Repeat the lines from the line with "Posted by thingsmyexsaid" to the line with "What a nice" in the listing below, keeping both end lines and adding nothing.

[PROVIDED RECORDS Boundary: Start]

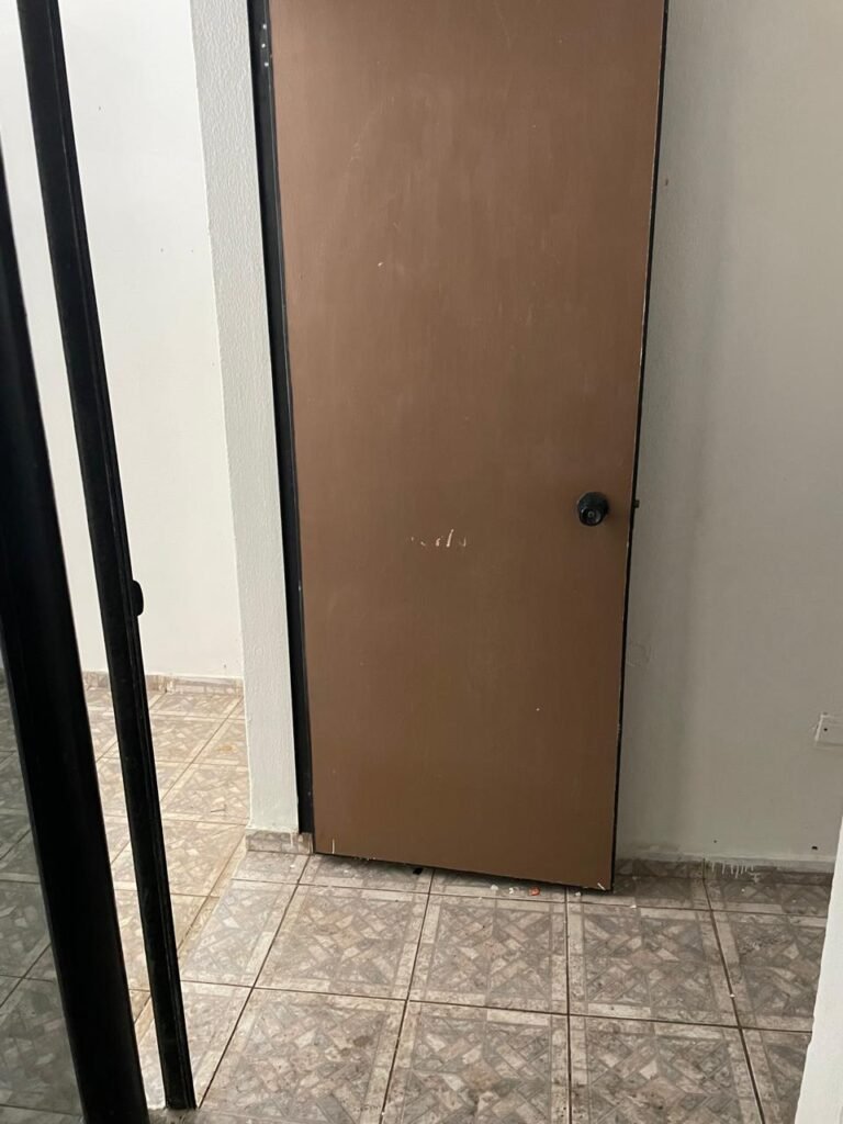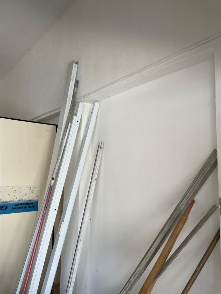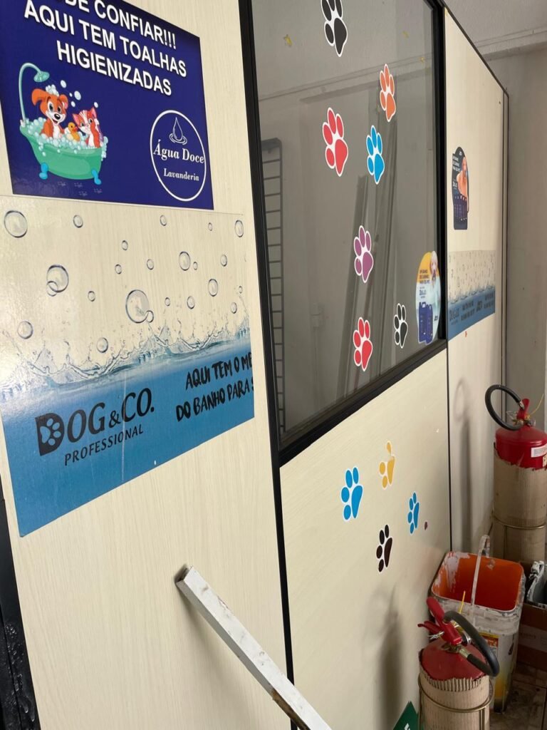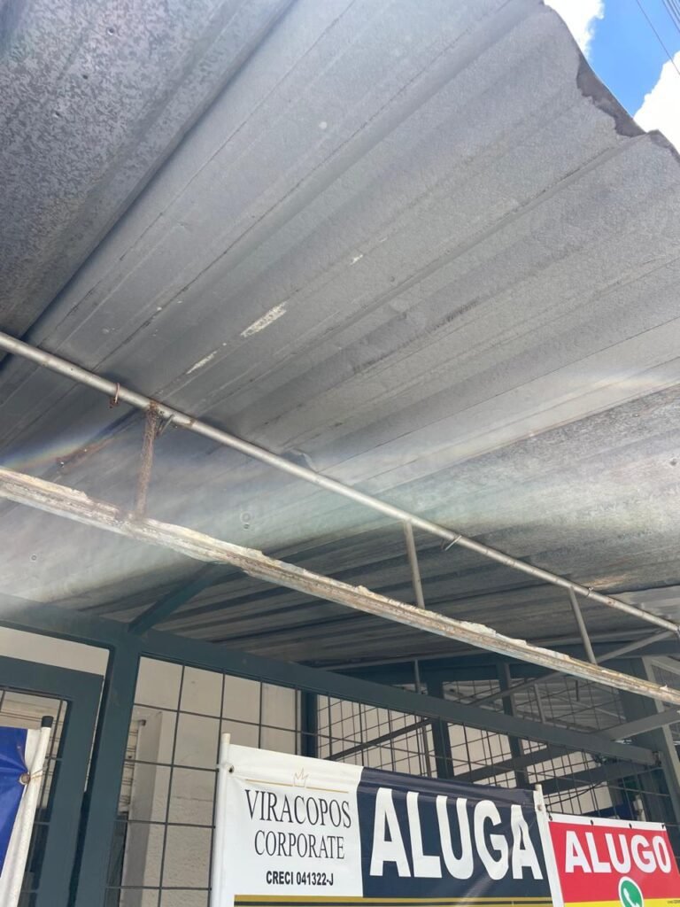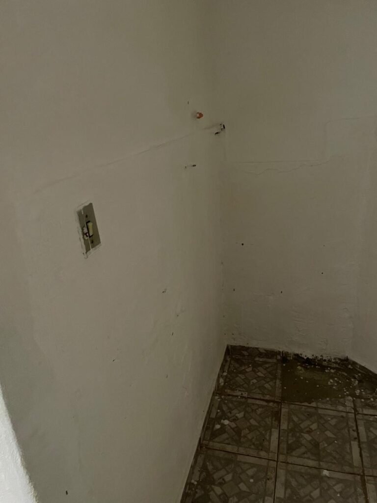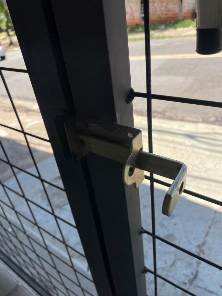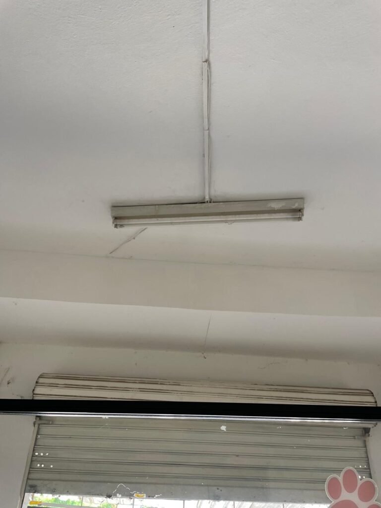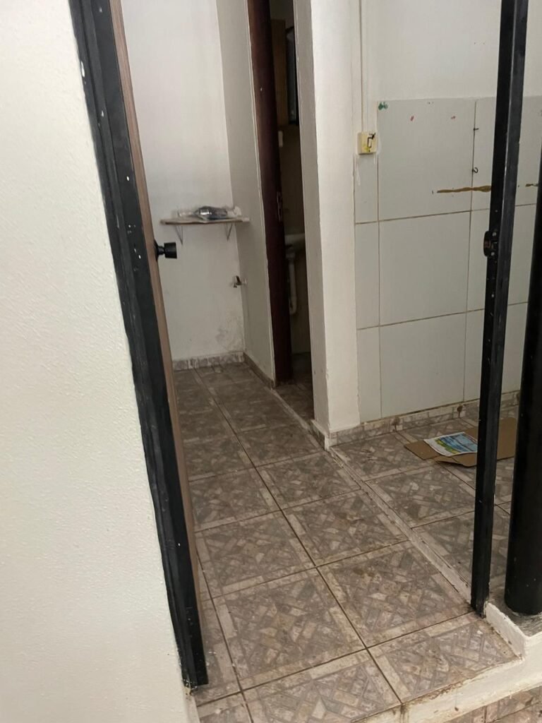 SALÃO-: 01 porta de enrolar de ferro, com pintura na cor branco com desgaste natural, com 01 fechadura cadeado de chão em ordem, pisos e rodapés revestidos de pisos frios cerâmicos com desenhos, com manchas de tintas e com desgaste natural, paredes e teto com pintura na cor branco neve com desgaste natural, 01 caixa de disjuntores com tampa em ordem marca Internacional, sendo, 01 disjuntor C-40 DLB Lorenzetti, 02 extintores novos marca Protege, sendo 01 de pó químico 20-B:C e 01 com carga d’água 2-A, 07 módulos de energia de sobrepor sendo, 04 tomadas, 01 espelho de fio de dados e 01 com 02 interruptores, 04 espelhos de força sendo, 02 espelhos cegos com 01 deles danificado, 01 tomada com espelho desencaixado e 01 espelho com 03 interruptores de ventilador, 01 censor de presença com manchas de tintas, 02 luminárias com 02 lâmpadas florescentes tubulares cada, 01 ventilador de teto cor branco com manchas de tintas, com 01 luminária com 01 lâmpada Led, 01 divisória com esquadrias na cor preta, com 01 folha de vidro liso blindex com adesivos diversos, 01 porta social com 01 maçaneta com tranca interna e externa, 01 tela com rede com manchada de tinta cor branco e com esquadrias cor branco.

[PROVIDED RECORDS Boundary: End]
[PROVIDED RECORDS Boundary: Start]

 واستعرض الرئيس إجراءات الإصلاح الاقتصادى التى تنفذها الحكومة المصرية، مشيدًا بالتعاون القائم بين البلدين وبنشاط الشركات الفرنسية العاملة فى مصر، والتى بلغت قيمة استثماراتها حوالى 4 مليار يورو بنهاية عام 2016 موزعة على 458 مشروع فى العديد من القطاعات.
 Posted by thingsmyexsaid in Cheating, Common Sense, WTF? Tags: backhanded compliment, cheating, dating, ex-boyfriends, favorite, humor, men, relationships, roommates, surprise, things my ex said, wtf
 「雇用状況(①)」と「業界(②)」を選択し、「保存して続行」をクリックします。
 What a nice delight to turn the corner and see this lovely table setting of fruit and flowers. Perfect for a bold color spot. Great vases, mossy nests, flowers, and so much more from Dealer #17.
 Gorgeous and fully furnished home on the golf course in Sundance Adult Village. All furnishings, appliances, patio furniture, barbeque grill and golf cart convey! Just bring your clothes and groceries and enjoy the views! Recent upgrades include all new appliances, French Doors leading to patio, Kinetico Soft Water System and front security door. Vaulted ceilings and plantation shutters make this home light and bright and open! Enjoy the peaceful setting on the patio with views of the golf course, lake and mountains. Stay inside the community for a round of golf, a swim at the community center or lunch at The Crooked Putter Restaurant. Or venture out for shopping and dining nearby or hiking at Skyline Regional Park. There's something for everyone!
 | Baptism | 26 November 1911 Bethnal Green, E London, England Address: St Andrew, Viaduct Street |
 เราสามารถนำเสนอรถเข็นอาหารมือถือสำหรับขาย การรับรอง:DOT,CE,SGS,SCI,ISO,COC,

[PROVIDED RECORDS Boundary: End]
[PROVIDED RECORDS Boundary: Start]

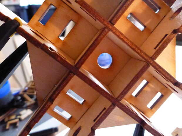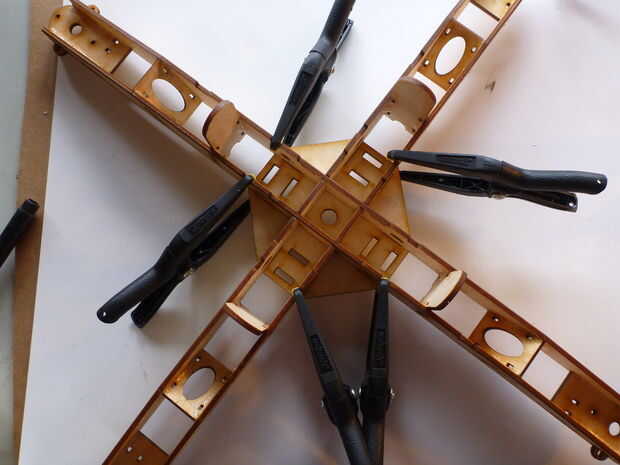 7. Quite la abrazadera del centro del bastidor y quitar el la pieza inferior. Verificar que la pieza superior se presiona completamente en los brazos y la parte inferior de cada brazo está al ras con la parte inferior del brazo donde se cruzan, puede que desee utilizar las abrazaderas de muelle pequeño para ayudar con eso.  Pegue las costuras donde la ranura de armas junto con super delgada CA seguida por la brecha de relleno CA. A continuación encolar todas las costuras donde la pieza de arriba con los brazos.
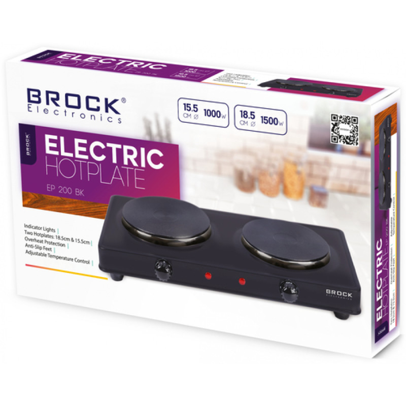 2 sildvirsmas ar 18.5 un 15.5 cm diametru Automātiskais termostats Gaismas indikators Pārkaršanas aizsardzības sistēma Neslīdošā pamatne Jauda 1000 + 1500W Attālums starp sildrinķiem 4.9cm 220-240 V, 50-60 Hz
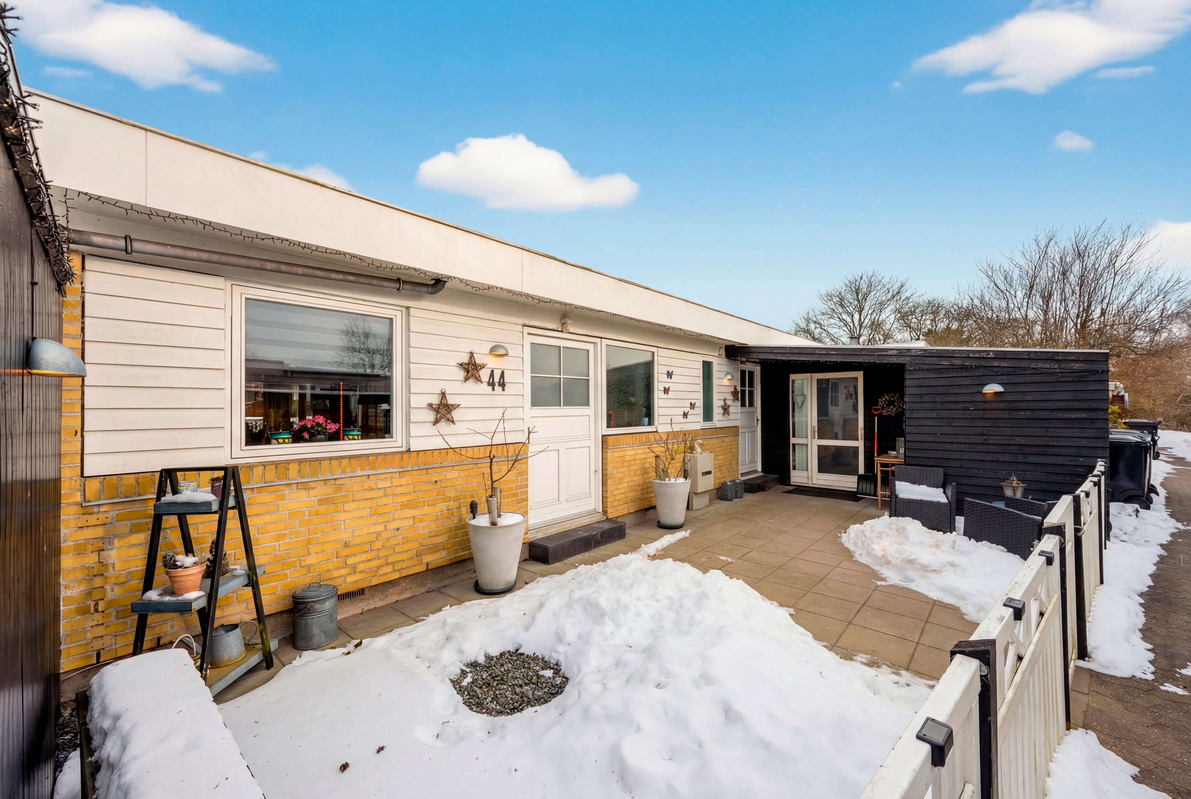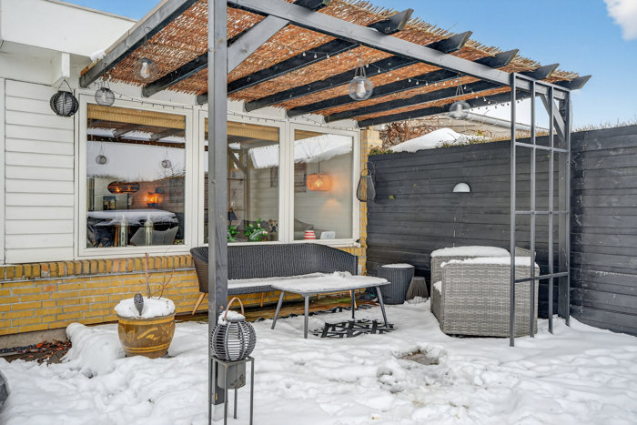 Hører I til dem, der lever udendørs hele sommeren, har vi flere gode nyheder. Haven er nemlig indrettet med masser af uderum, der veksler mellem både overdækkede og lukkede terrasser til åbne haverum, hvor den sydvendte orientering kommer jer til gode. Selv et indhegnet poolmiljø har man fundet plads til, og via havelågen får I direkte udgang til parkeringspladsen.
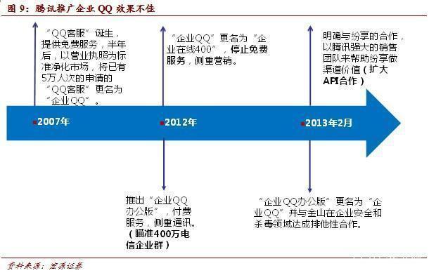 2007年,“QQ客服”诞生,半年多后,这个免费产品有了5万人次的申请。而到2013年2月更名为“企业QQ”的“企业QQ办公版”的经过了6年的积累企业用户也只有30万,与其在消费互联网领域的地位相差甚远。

[PROVIDED RECORDS Boundary: End]

RESPONSE TO THIS EXERCISE:
 Posted by thingsmyexsaid in Cheating, Common Sense, WTF? Tags: backhanded compliment, cheating, dating, ex-boyfriends, favorite, humor, men, relationships, roommates, surprise, things my ex said, wtf
 「雇用状況(①)」と「業界(②)」を選択し、「保存して続行」をクリックします。
 What a nice delight to turn the corner and see this lovely table setting of fruit and flowers. Perfect for a bold color spot. Great vases, mossy nests, flowers, and so much more from Dealer #17.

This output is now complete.